Our data showed that digoxin exerted differential effects on IMQ-induced psoriasis-like skin lesions at different anatomical locations, i.e., with reduction of skin lesion formation on the ear and exacerbation of back skin lesions, respectively. Interestingly, a similar differential effect on ear and back IMQ lesions in mice has been observed after topical treatment with sphingosine-1-phosphate (a cell growth and immune modulator)9. This may relate to differences of target tissues (thinner skin, less hair follicles, minimal subcutaneous adipose tissue, and diverse lymph drainage in ear vs. back skin), the IMQ application procedure (shaving vs. no shaving before application) and IMQ dose (5 vs. 45 mg Aldara), respectively. Also, digoxin bioavailability may differ at the two sites and future studies should include local assessment of IL-17A and RORγt expression, Th17 cell accumulation, and kinetics of radiolabelled digoxin, respectively, in addition to experiments with other RORγt inhibitors46. We unexpectedly found increased plasma IL-17A levels which is in contrast to reduced levels reported in hyperlipidemic apoE-deficient mice treated with digoxin for 12 weeks, but the relationship between target tissue and systemic levels of IL-17A in experimental models of disease remains poorly defined8. Importantly, off-target effects of digoxin may play a role since in addition to RORγt inhibition the agent inhibits the sodium potassium adenosine triphosphatase (Na+/K+ ATPase) present in all cells and mainly in the heart. Indeed, systemic treatment with novel potent selective RORγt inhibitors appear to suppress IMQ-induced skin inflammation on both the ears and back of mice, albeit that there are no reports on simultaneous effects of these RORγt inhibitors on both anatomical locations in the same animals46. In addition, it was recently reported that development of psoriasiform lesions after topical IMQ application in mice was dependent on unintended oral IMQ ingestion and it is possible that some of the systemic effects observed in our study were elicited by systemic IMQ uptake rather than skin-driven inflammation10.
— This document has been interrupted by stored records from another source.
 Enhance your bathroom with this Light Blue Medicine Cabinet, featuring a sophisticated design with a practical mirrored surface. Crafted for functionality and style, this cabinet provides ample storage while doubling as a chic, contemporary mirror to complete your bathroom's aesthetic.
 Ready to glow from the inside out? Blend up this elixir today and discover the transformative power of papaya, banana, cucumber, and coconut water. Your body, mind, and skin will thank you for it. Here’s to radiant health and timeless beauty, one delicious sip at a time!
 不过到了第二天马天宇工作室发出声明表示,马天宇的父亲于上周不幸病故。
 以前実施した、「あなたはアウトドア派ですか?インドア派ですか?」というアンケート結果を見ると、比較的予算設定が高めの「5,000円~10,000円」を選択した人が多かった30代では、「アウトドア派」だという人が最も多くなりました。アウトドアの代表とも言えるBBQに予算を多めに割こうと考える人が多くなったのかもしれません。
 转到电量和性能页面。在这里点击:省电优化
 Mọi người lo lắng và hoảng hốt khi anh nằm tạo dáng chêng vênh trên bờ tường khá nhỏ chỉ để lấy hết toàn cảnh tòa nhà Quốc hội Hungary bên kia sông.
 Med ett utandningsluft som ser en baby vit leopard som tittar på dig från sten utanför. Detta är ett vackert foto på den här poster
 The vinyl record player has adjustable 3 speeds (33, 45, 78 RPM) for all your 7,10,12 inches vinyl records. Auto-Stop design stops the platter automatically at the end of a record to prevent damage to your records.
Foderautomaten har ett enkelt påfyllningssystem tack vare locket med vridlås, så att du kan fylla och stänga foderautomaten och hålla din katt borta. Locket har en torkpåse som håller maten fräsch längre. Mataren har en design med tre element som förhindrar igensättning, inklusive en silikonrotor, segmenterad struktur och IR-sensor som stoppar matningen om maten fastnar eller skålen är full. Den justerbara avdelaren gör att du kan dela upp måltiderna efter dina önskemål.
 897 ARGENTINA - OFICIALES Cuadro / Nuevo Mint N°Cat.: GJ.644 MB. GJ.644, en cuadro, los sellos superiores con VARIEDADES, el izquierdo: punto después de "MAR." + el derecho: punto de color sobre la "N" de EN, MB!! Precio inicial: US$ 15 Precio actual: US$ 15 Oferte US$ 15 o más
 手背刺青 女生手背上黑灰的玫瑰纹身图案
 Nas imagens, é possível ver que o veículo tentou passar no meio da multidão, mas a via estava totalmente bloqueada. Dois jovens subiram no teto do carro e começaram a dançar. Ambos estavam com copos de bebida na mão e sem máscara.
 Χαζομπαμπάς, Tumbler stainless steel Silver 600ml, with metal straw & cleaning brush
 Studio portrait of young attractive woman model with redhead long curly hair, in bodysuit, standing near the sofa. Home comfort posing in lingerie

The mechanisms responsible for differential effects of digoxin on IMQ-induced psoriasis-like skin inflammation on the ear and back in mice clearly require more study, but our results underline the complexity of the IMQ model and support caution in extrapolation of results of targeted interventions in this model to human psoriasis.